» WORK ITEM
Beneath this line are entries. Copy the range from the line with "Saquinho de Papel" to the line with "The York Catholic Parent", ends included, exactly; leave pictures out.

- - - - - - -

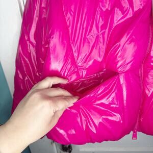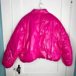 Zara Glossy Shiny Vinyl Puffer Jacket Hot Pink High Neck NEW Size Large L Baddie
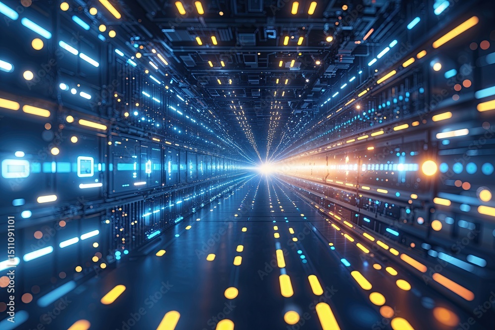 Wall mural abstract blue technology background with light effect in space - Wall murals Wall mural abstract blue technology background with light effect in space - Wall murals
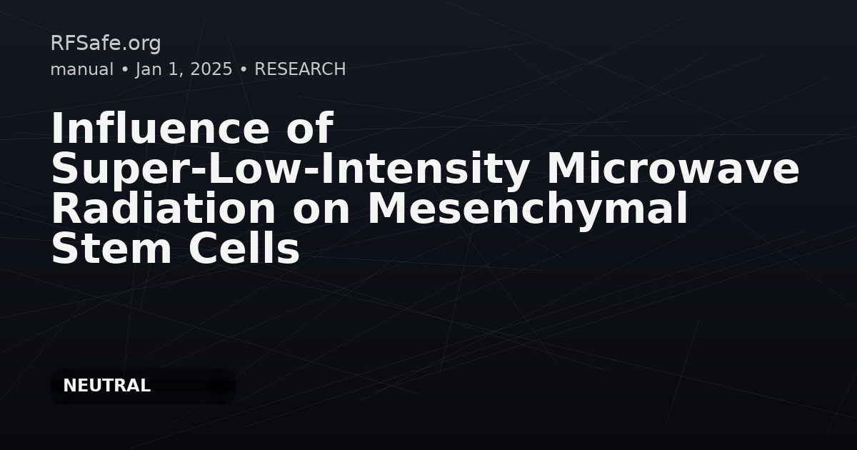 Influence of Super-Low-Intensity Microwave Radiation on Mesenchymal Stem Cells Artamonov MY, Pyatakovich FA, Minenko IA. Influence of Super-Low-Intensity Microwave Radiation on Mesenchymal Stem Cells. International Journal of Molecular Sciences. 2025; 26(4):1705. doi.org Abstract Mesenchymal stem cells (MSCs) have emerged as a promising tool for regenerative medicine due to their multipotency and immunomodulatory properties. According to recent research, exposing MSCs to super-low-intensity microwave radiation can have a significant impact on how they behave and operate. This review provides an overview of the most recent studies on the effects of microwave radiation on MSCs with power densities that are much below thermal values. Studies repeatedly show that non- thermal mechanisms affecting calcium signaling, membrane transport, mitochondrial activity, along ion channel activation may increase MSC proliferation, differentiation along mesodermal lineages, paracrine factor secretion, and immunomodulatory capabilities during brief, regulated microwave exposures. These bioeffects greatly enhance MSC regeneration capability in preclinical models of myocardial infarction, osteoarthritis, brain damage, and other diseases. Additional study to understand microwave treatment settings, biological processes, and safety assessments will aid in the translation of this unique, non-invasive strategy of activating MSCs with microwave radiation to improve cell engraftment, survival, and tissue healing results. Microwave-enhanced MSC treatment, if shown safe and successful, might have broad relevance as a novel cell-based approach for a variety of regenerative medicine applications. Open access paper: mdpi.com
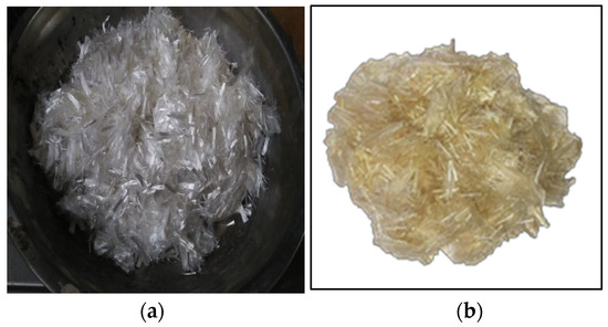The 2 types of fibers used were polypropylene and glass, as presented in Figure 5. The polypropylene fiber had a diameter of 18 μm, a specific gravity of 0.9, a length of 12 mm, an elastic modulus of 6000–9000 MPa, and a tensile strength of 300–400 MPa. The glass fiber had a diameter of (13 ± 2) mm, a specific gravity of 2.7, a tensile strength of 550 MPa, a ZrO2 content of ≥16.7%, and an elastic modulus of 10,000 MPa. Additionally, it came in a lengthy roll that needed to be cut into 10-mm pieces before use.
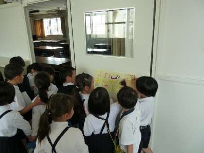 理科室、音楽室、わかば学級前での様子です。
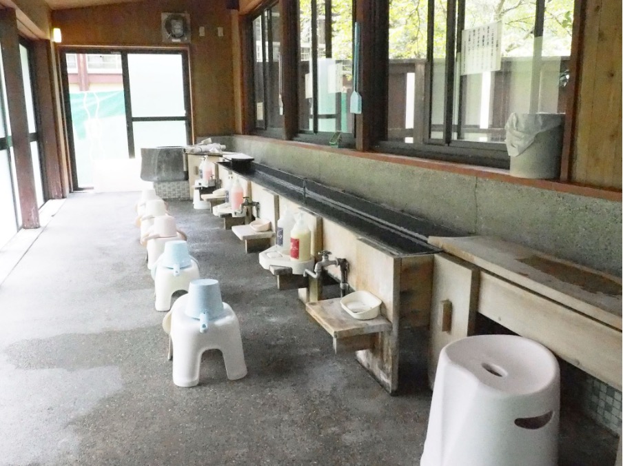 洗い場は少し変わっていて、温泉の源泉が絶えず流れている水場があり、そこから洗面器でお湯をすくって身体を洗うスタイル。湯船も、山の景色に自然と溶け込むような佇まいになっていて趣向が凝らされています。
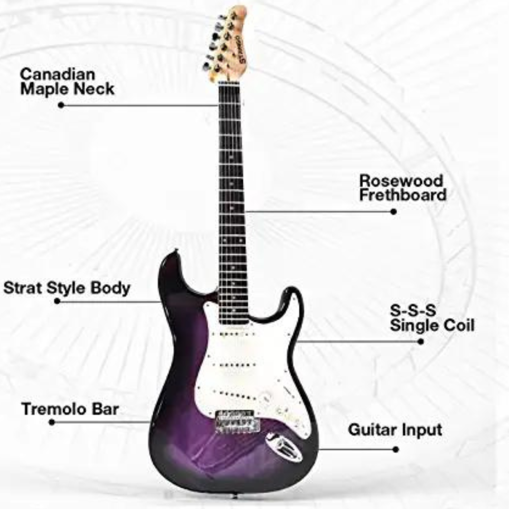 It comes with everything needed including the purple heart wood fingerboard, poplar solid body, and Canadian maple neck which has been designed so it fits comfortably in your hand while providing easy access at any angle!
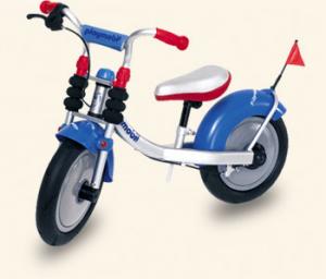 griffen, extra breite Luftbereifung mit Radschützern, kugelgelagerte Laufräder, abgedeckte Laufradfelgen, Kantenschutz und generelle Schraubenabdeckung, Pulverbeschichtung, CE Norm, TÜV geprüft - außerdem ein tiefer Einstieg, spezieller Laufradsattel, Lenkanschlag, Lenker und Sattel stufenlos verstellbar, vollgekapselte Hinterradbremse, verstellbare Kinderbremsgriffe, Wimpel.
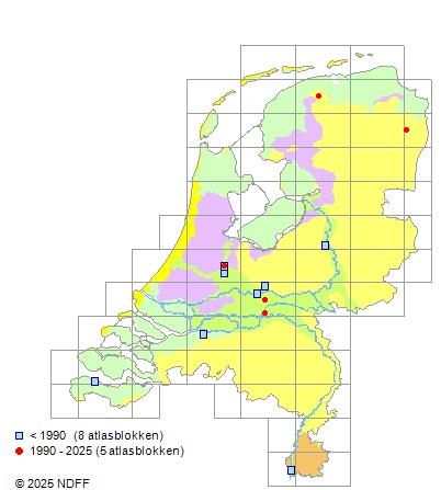Het aantal atlasblokken (5x5 km) waarin de soort is gemeld binnen een periode van vijf jaar (vanaf 1980) of twintig jaar. Niet gecorrigeerd voor waarnemersinspanning en het aantal doorgegeven waarnemingen kan sterk variëren per periode, dus een trend in verspreiding kan hier niet direct uit worden afgelezen. Het opgegeven jaartal is het eerste jaar van de periode. Bron: gevalideerde waarnemingen uit de NDFF.
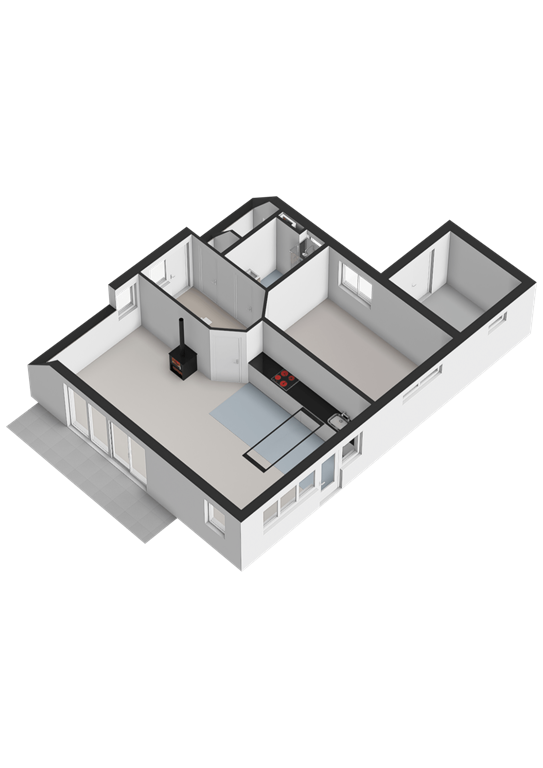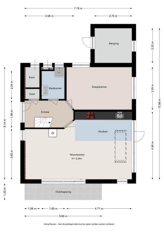 Bij binnenkomst komt u in de hal met toilet, een lichte badkamer met ligbad en douche, een ruime slaapkamer en trapkast. De woonkamer heeft een haard en keuken met elektrische kookplaat, afzuigkap, koelkast, combi-oven en vaatwasser. Er zijn schuifbare tuindeuren en een trap naar de eerste verdieping. De meterkast en berging zijn via de buitenzijde bereikbaar.
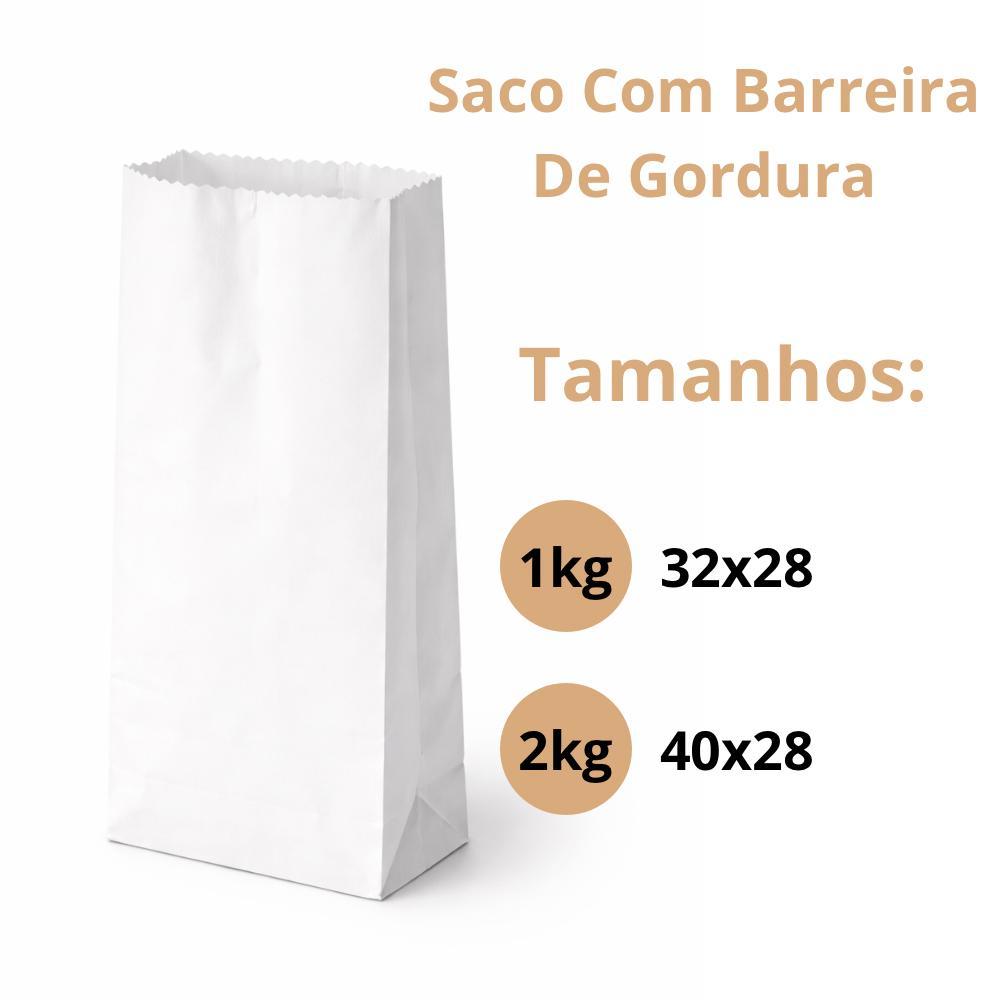 Saquinho de Papel Branco Barreira de Gordura (1kg/2kg) 50/100 unidades
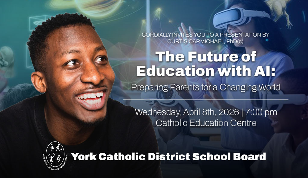 The York Catholic Parent Involvement Committee (YCPIC) invites the York Catholic community to learn more about the future of AI in education through an interactive training session on Wednesday, April 8, 2026 from 7-9 p.m. at the Catholic Education Centre (320 Bloomington Road, Aurora).
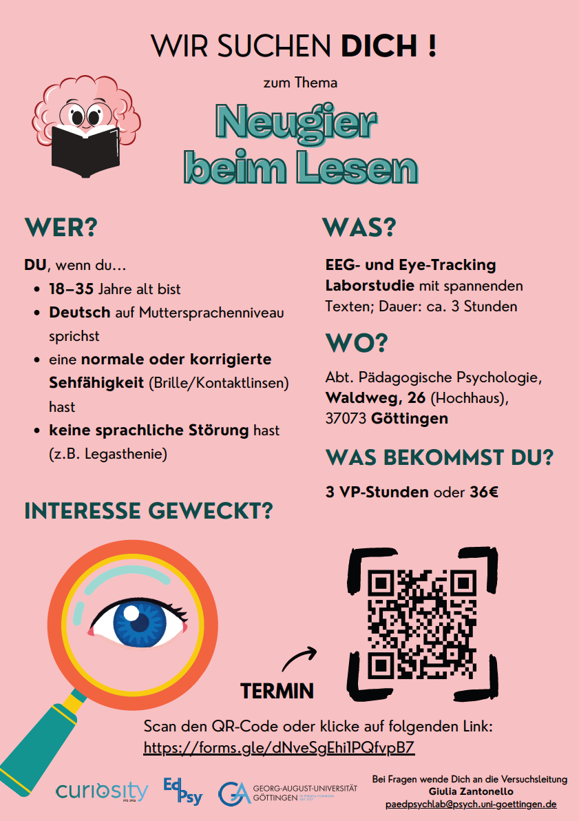 Wir vom Forschungsteam der Abteilung für Pädagogische Psychologie suchen Teilnehmer*innen für eine Laborstudie, in der untersucht wird, wie Neugier mit kognitiven Prozessen beim Lesen zusammenhängt.
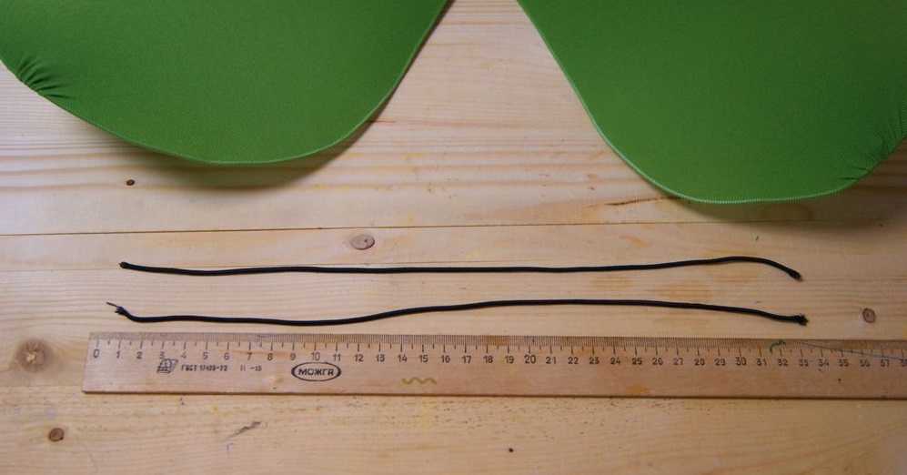 - Предварительно на резинку можно нашить материал. Он скроет ее и расширить площадь для пришивания деталей плавника.
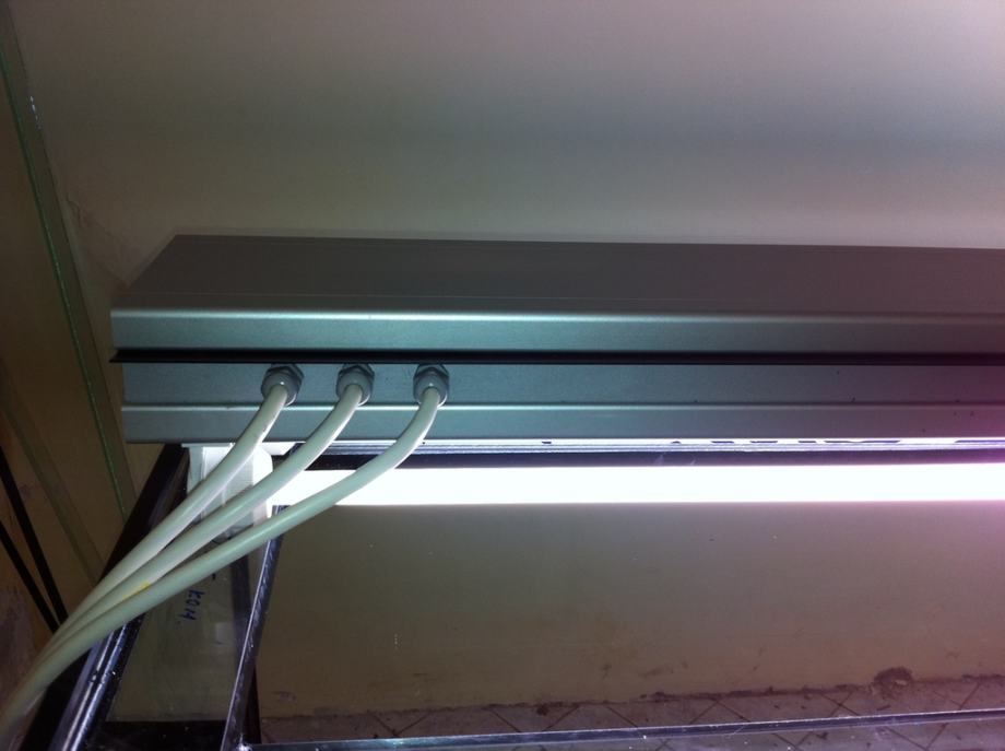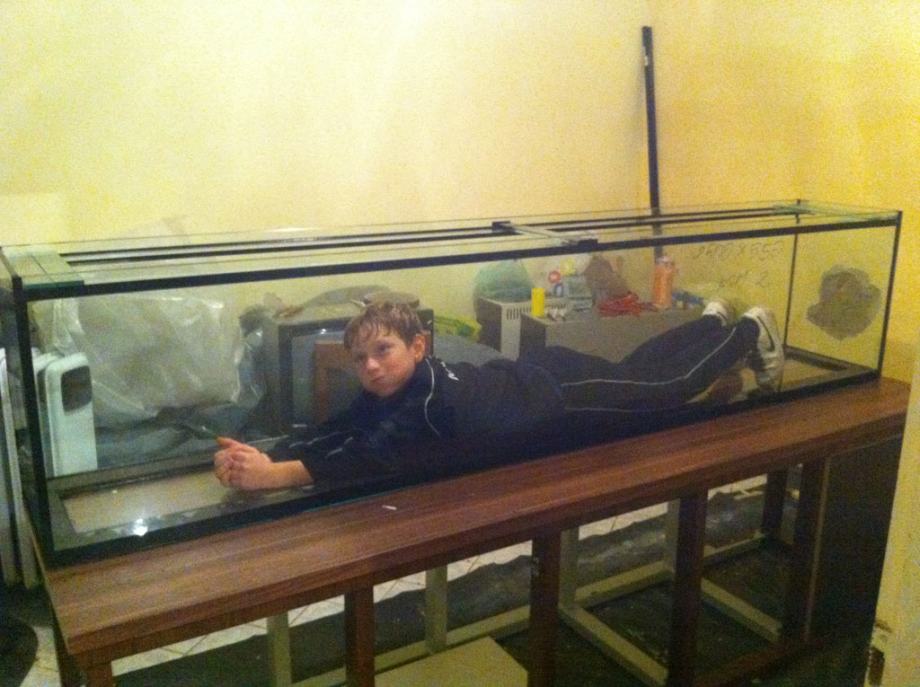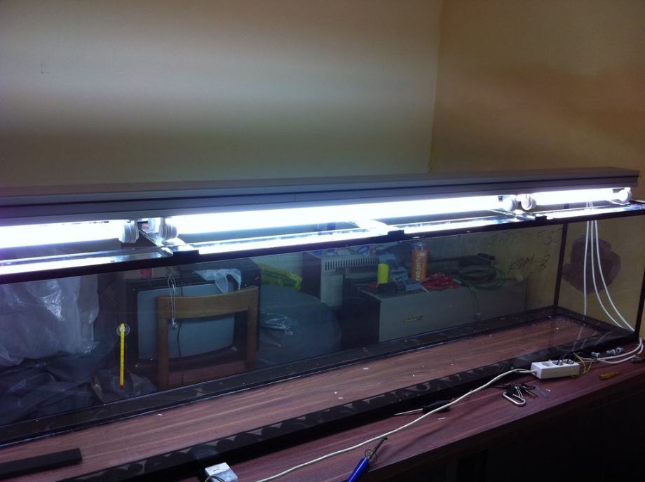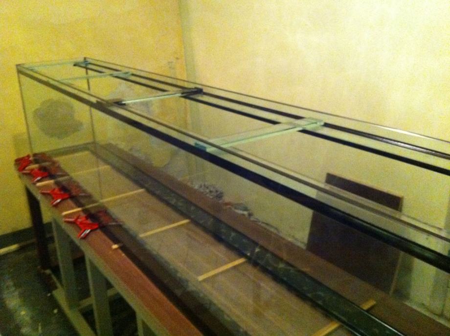 Akvarij dimenzija 250x55x40 cm izrađen od 12mm stakla (15mm dno) sa uzdužnim i poprečnim ojačanjima na dnu i vrhu akvarija. Fuge su napravljene gotovo pa savršeno i 100% ravno, na rubovima se nalaze crni PVC profili tako de se fuge izvana niti ne vide. na akvariju je završen i poklopac koji je ukomponiran s rasvjetom (rasvjeta nije u cijeni).
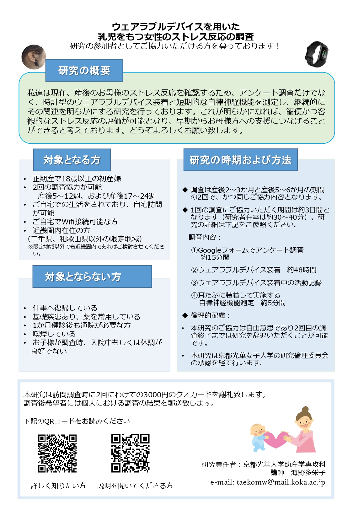この研究により、自律神経機能測定を通しての簡便かつ客観的なストレス反応の評価が可能となり、早期からお母様方への支援につなげることができると考えております。
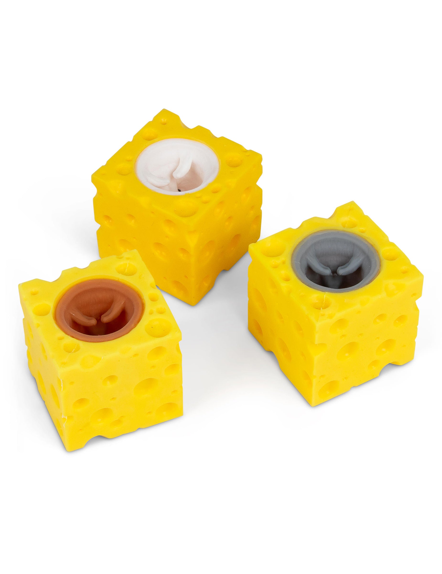 Le Pop Up Souris est un jouet souple représentant un cube de fromage dans lequel une souris apparaît lorsqu’on le presse.
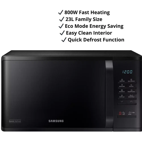 Samsung 800W 23L Microwave Black MS23K3513AK Digital Solo ECO Quick Defrost
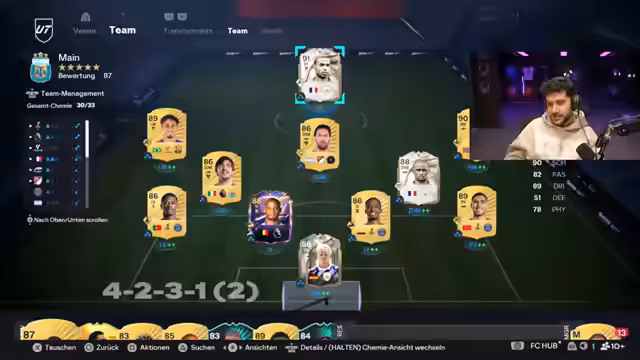 04:08:04Nach verschiedenen Pack-Openings, bei denen auch Körperteil-Openings thematisiert werden, konzentriert sich der Streamer auf den Aufbau seines Teams. Er erwirbt Spieler wie Gnola für 3 Millionen und Bless Matuidi für 930k, wobei er langfristige Wertsteigerungen der Spieler erwartet. Bei der Aufstellung und Formation zeigt er Unsicherheit und diskutiert mögliche Taktiken mit seinem Chat. Das Team soll für die anstehende Weekend League und Challenges optimiert werden.
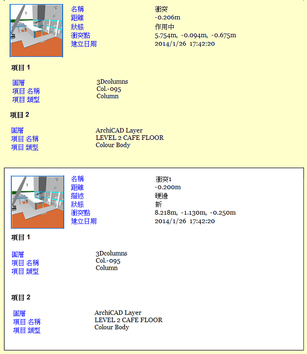 將建立一個 HTML 表格檔案,其中包含所有衝突,以及這些衝突之視點的 jpeg 和其詳細資料。選擇此選項時,將需要為檔案選取或建立一個資料夾,然後輸入 HTML 檔案的名稱。可以在 Microsoft Excel 2007 及更新版本中開啟和編輯 HTML 表格檔案。

- - - - - - -

» SOLUTION TO THIS PROBLEM
 Saquinho de Papel Branco Barreira de Gordura (1kg/2kg) 50/100 unidades
 The York Catholic Parent Involvement Committee (YCPIC) invites the York Catholic community to learn more about the future of AI in education through an interactive training session on Wednesday, April 8, 2026 from 7-9 p.m. at the Catholic Education Centre (320 Bloomington Road, Aurora).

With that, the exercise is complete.